Mercury decreased in brown watersnakes at Savannah River Site, study reveals
Mercury has decreased in a creek on the U.S. Department of Energy's Savannah River Site, according to researchers at the University of Georgia.
As reported in a new study published in the journal Environmental Pollution, the team found 70% to 200% less methylmercury in brown watersnakes sampled in 2019 compared to levels in brown watersnakes captured more than three decades earlier.
The two cohorts of brown watersnakes were captured in the same creek near Augusta, Georgia, and Aiken, South Carolina, a tributary that feeds into the Savannah River, according to first author David Lee Haskins.
In the 1980s, researchers captured and archived the first cohort:18 female brown watersnakes. In 2019, Haskins and his research team captured 21 female brown watersnakes. The researchers examined the 39 snakes to determine mercury concentrations.
When mercury becomes elevated in an environment and comes into contact with bacteria, it transforms into methylmercury, explained Haskins. When methylmercury moves up the food web, it can have a destructive effect on internal organs and threaten the lives of humans and wildlife.
"By the time methylmercury moves from a lower species to a higher species, that higher species is getting all of the contaminant," said Haskins, who recently earned a Ph.D. from UGA's Savannah River Ecology Laboratory and Warnell School of Forestry and Natural Resources. "As it goes from plankton to a fish to a bigger fish to a bird, it's going to exponentially increase."
A significant amount of the mercury in the area most likely came from a former alkali plant that dumped mercury upstream of the tributary prior to Environmental Protection Agency regulations, according to Tracey Tuberville, a senior research scientist at SREL and Haskins' advisor during the study.

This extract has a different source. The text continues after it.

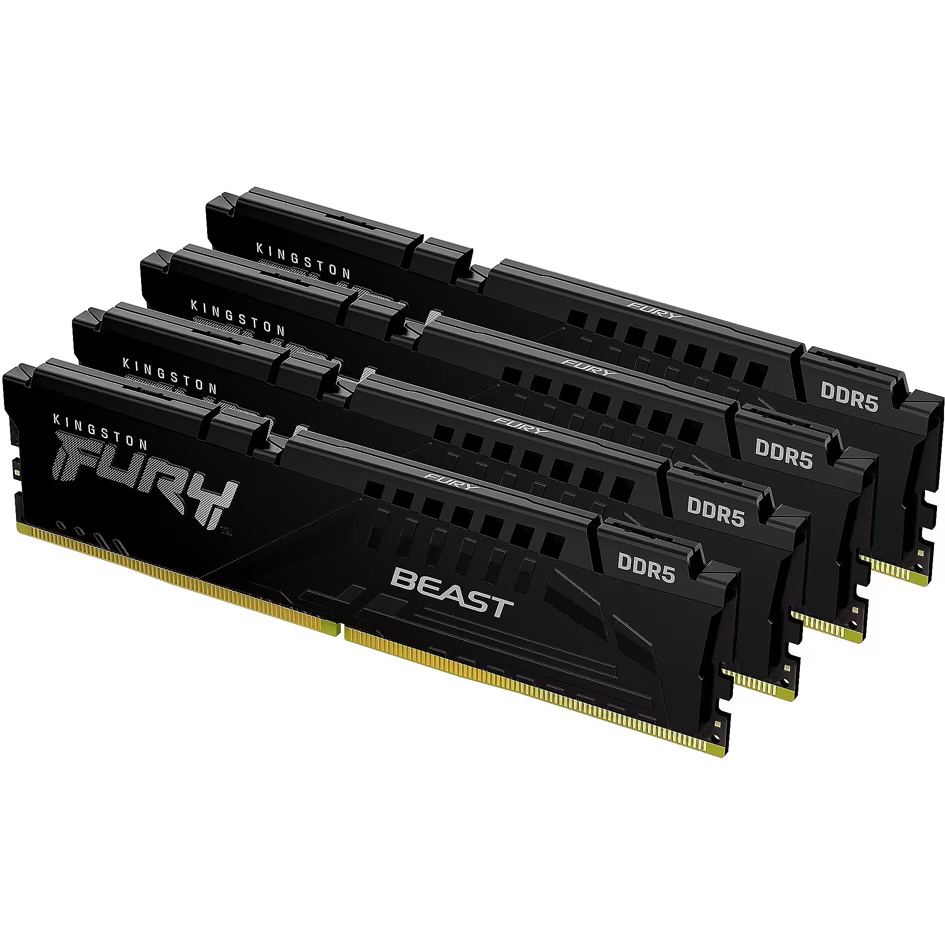 ShortSummaryDescription - Kingston Technology FURY Beast 64GB 5200MT/s DDR5 CL40 DIMM (Kit of 4) Black XMP, 64 GB, 4 x 16 GB, DDR5, 288-pin DIMM, Black

The documented decrease in mercury levels in snakes over time highlights the effectiveness of these environmental protections. As a result, snakes in the Savannah River system are likely healthier than they were in the 1980s.

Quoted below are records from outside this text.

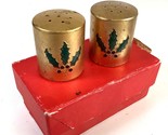 - Vtg Macys Christmas Xmas Metal Salt and Pepper Shakers Holly Leaf w/Orig Box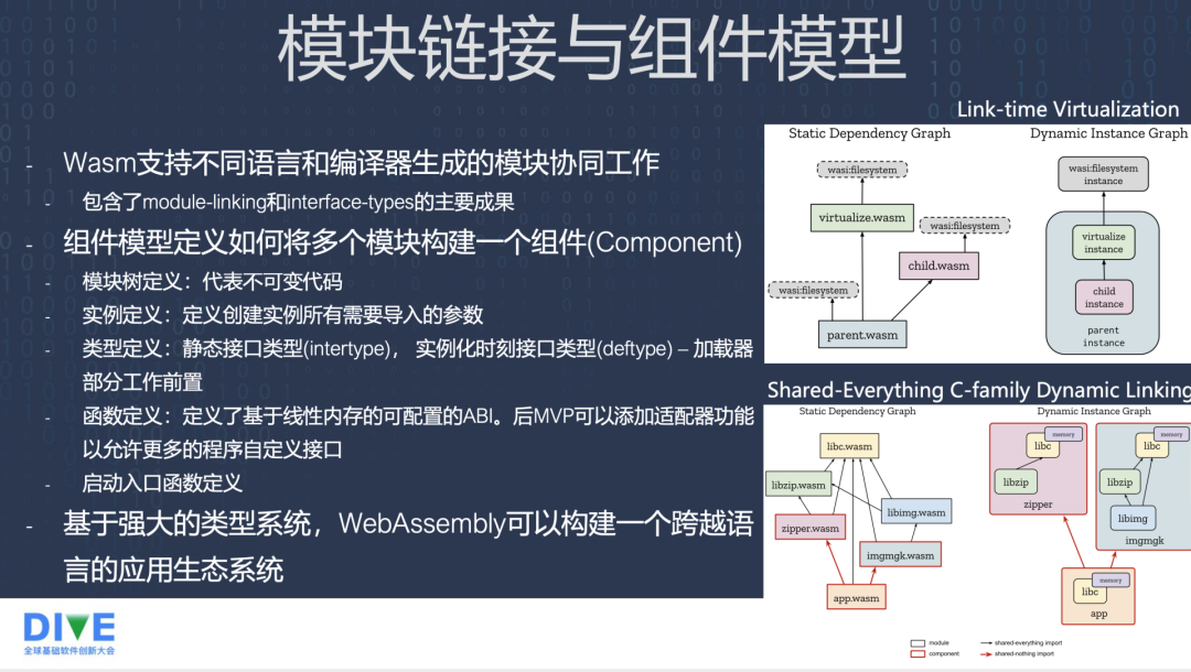 还有一种模式叫 Shared-Everything C-family Dynamic Linking,可以在动态的过程中,由不同的模块组成不同的实例。比如说 zipper,它也引用了 libc,它可以构建一个单独的一个实例,img 它可能也引入了一系列,包括 libc、libzip,但是它们可以组织成一个 instance,它有它自己的内存空间和一个实例所需要的元素,既具有很好的隔离性,又具有很好的灵活性。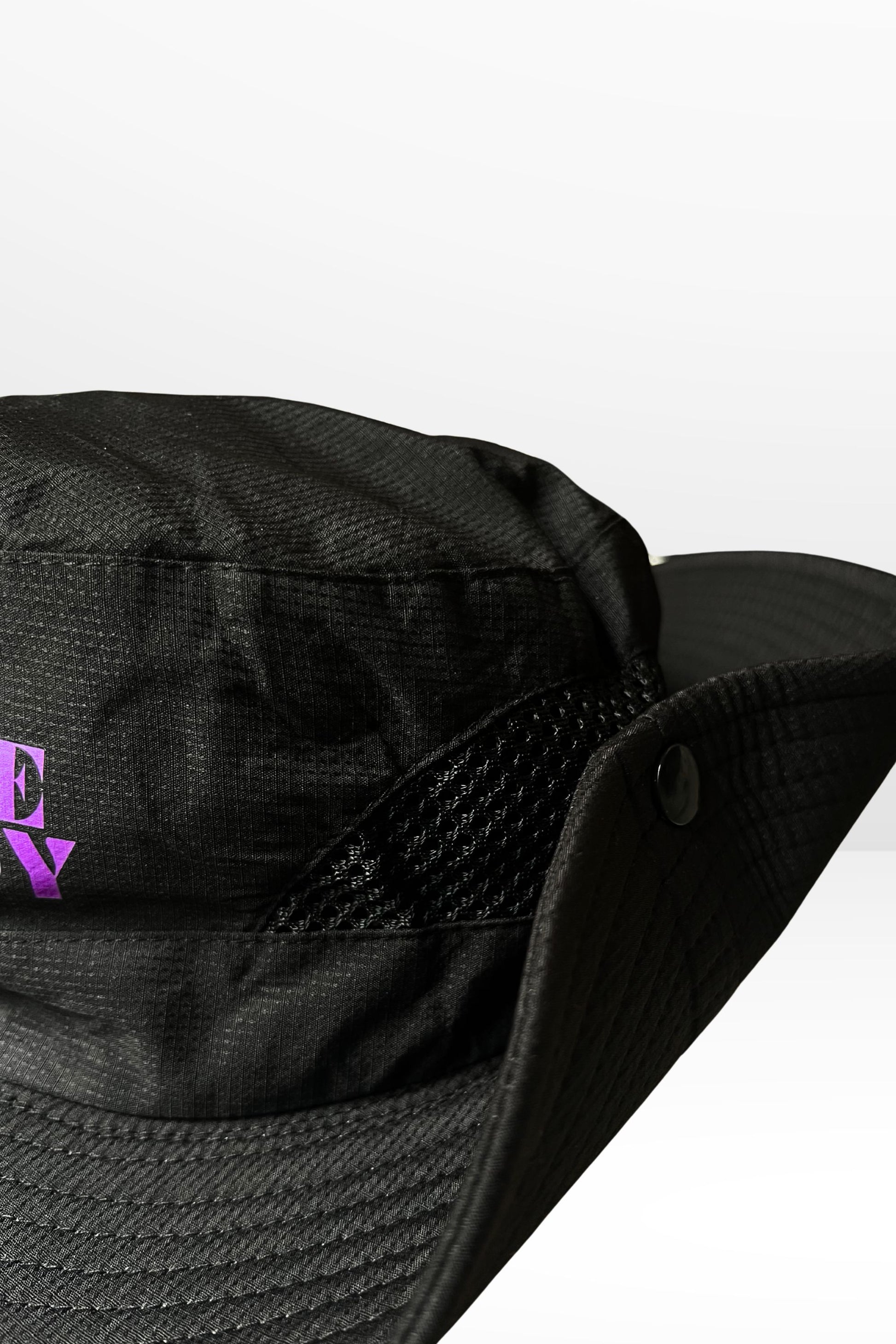 Chapeau noir munie d'une bride ajustable à l'arrière pour s'adapter à toutes les têtes et d'un cordon ajustable également !

Brown watersnakes, which have a very small habitat range, are a valuable asset in assessing aquatic systems for heavy metal pollution, particularly in the Southeastern U.S., where they're abundant and found near bodies of water, according to Haskins.

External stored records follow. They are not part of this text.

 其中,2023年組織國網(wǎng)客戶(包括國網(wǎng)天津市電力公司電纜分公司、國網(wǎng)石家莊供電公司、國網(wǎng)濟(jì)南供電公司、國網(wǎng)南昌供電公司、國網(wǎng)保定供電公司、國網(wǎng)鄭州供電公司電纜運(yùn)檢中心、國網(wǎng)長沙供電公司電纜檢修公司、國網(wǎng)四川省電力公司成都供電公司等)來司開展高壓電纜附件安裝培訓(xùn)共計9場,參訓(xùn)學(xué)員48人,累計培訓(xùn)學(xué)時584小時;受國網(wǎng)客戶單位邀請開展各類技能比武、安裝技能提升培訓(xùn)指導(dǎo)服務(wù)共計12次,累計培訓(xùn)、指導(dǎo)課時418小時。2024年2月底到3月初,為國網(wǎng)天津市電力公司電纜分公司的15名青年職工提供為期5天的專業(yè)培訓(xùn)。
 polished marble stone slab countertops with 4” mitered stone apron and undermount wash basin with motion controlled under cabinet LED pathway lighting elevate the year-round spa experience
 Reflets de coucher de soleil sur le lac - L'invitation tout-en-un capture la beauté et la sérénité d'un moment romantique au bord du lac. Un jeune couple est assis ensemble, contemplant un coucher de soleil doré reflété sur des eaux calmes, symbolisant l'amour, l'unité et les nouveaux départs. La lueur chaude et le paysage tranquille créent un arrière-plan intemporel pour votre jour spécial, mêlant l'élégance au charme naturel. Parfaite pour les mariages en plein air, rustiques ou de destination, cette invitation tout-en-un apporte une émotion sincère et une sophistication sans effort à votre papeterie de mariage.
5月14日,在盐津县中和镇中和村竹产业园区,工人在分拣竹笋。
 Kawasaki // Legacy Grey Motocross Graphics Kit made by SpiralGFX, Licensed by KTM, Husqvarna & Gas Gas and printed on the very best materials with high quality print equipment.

"The levels in contemporary snakes we examined in this study are similar to snakes I've collected throughout my dissertation period from all over the river, but the levels in the snakes from the '80s are higher than any I've ever collected," he said.
The researchers dissected and examined the kidney, liver and muscle tissue in all of the snakes to obtain the levels of total mercury and methylmercury. They also evaluated the tail tips and blood to determine if there was a relationship between the level of the contaminants in the tips and their internal tissues, testing a minimally invasive procedure that will allow researchers to do long-term studies on the same animals using capture-mark-recapture techniques and without sacrificing animals, Tuberville said.
"We now know the relationship between blood in an animal and what you can expect to find in its muscle tissue," she said. "We can analyze a blood sample and calculate or predict what the muscle value should be."
Having access to the archived research, housed at the lab on the SRS, a limited access site, shows the value of SREL's presence on the site, according to Tuberville.
"We've had a presence over the entire time period, which gave us an opportunity to compare data from early on to contemporary values," she said. "Our long history here makes it possible to make these really long-term comparisons that you can't get many other places. You can't cover everything over a 70-year time period—the time SREL has been on the site—but in this study we have snapshots 40 years apart."